Ironicschmoozer’s Weblog

TERM PAPER PART 9–Pacific Encounters I: A Japanese Visitor in 1958

In 1958, Toshio Yoshioka, a Universalist from Japan made a visit to the Universalist Church of the Philippines to provide information and advice to the Universalist Church of America and the Universalist Service Committee.  (Yoshioka and another Japanese man had graduated from the Universalists’ St. Lawrence Theological School in Canton, N.Y., in 1954, and returned to Japan.  Universalists had begun a mission to Japan in 1890, with limited success. By 1936 there were only six congregations, and the Second World War ended the mission.) [i]

Yoshioka spent much of his time in the company of Toribio Quimada.  Noting “extreme poverty” and “little or no education” among the people, Yoshioka described the meager food, hand-built homes, and lack of gas, electricity, running water, or toilets.        Yet, he said, “they are happy people… thankful of what they have and they were one of the most hospitable people I have met.”[ii]   [This could be my own description of what I observed in March of 2011.  The food they served our group was plentiful and varied, but I am not sure that reflects their diet. Their UUCP headquarters had subsidized each village church that hosted us for a meal.]

Yoshioka said he did not like the food and feared their “unsanitary” handling of it, and he could not sleep well on their schedule (even though they gave him an army cot so he would not have to sleep on a mat on the floor, as they did.  He wrote:  “They go to bed at about midnight and at four thirty in the morning they are already up and singing their morning hymn.”  Perhaps this way of life maximized the cooler hours of the morning and evening.

Yoshioka reported there were “major congregations in Negros, some in Mindanao, and one in Cebu which is just starting,” and he visited the island of Cebu before departing for Japan.  I have encountered no records to show that congregations continued on those two islands; none are there now.

Regarding theology, he said the church members “were surprised and relieved by the… teaching of universal salvation and loving God rather than angry God.  In fact, I was asked time and time again if they could really be saved in the end.”   They asked him questions about the Bible and the nature of Jesus “with utmost interest.” He said:

“They were happy to know that my answers were the same as those which had been given by Mr. Quimada before.”  People on Negros “sacrificed days in coming to meet me and to listen to me, which shows their eagerness… to know about Universalism [and not because] of their curiosity to see a stranger from Japan.”
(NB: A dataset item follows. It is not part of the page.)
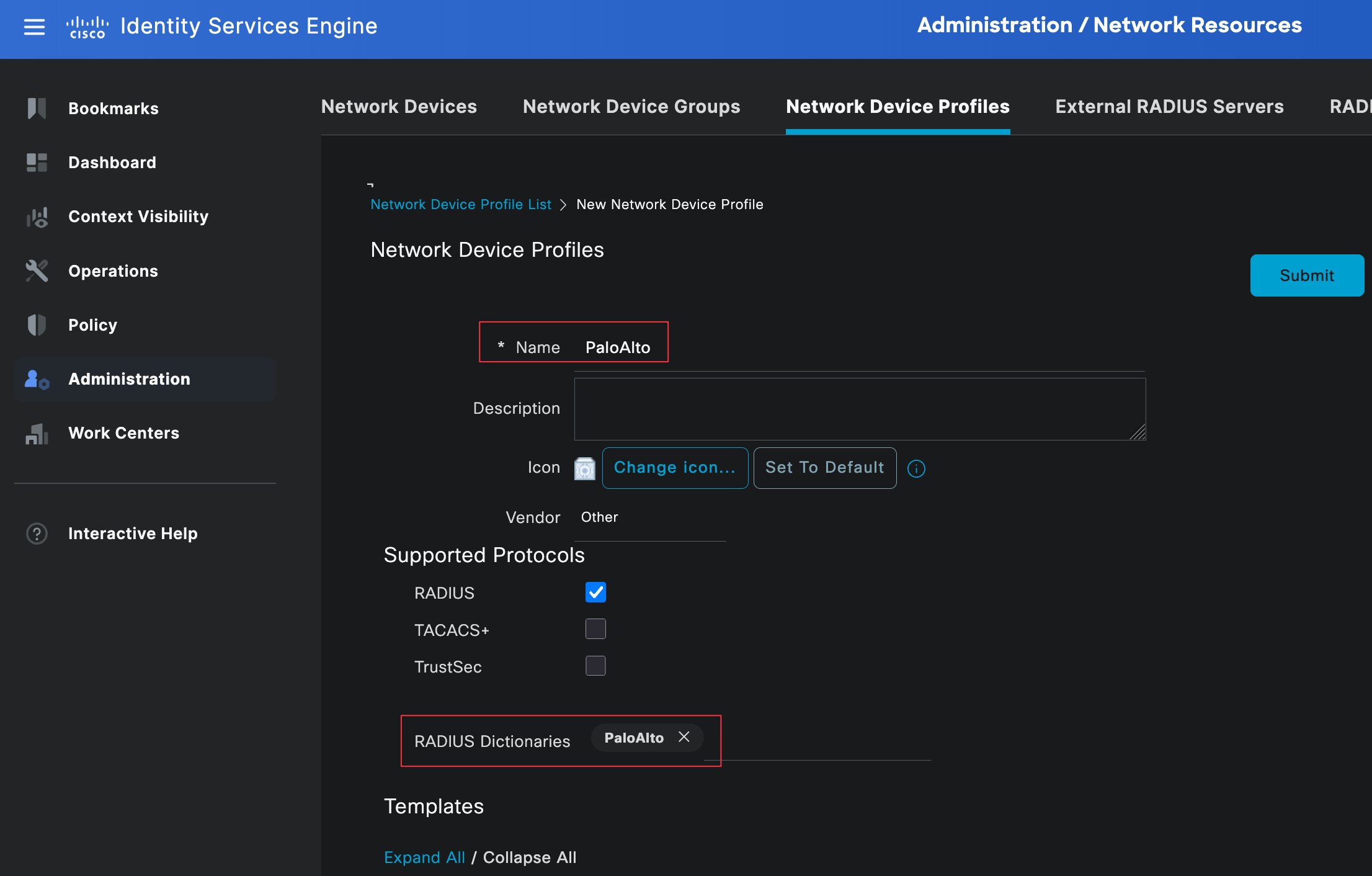 To create one, go to Administration, Network Resources, then Network Device Profiles. From here, you can either use an existing profile (if you have one already for Palo Alto) or create a new one and assign the Palo Alto Radius dictionary we created in the previous step.

He recounted his refusal to ride horseback, and Quimada’s insistence that it was the only way to get to the mountain villages.  At first a child led a small horse while Yoshioka rode it in great fear; later he got comfortable with it.  “We visited the house of an old woman where we had a memorial service of her deceased grandson.  “Mr. Dilantar … had a very nice house and three lovely daughters…. [A] relatively well to do landlord, … he is one of the important personalities in the Philippine Universalist work.”  Yoshioka also met “three of the most intellectual sympathizers [of the church] …, that is the attorney, the mayor, and … a school teacher,” but he noted they were not yet members.

[i] Minister and historian David Bumbaugh argues that the Universalist message refuting eternal damnation could not gain traction in a society without the widespread acceptance of orthodox Christian doctrine. For an interesting (undated and without an author, but from the UUA website) Power Point presentation on Universalist and Unitarian engagement in India, Japan, and the Philippines, see…/uu_internatl_history_01.pps

[ii] UUA Overseas & Interfaith Relations Director Records, Correspondence, 1957-70.  bMS 1220/15 “Universalist Church of the Philippines Survey, September, 1958.” Indigenous Unitarian Universalist Societies, 1986-1987.  Andover-Harvard Theological Library, Harvard Divinity School, Cambridge, Massachusetts.  All references to Yoshioka’s report come from this source.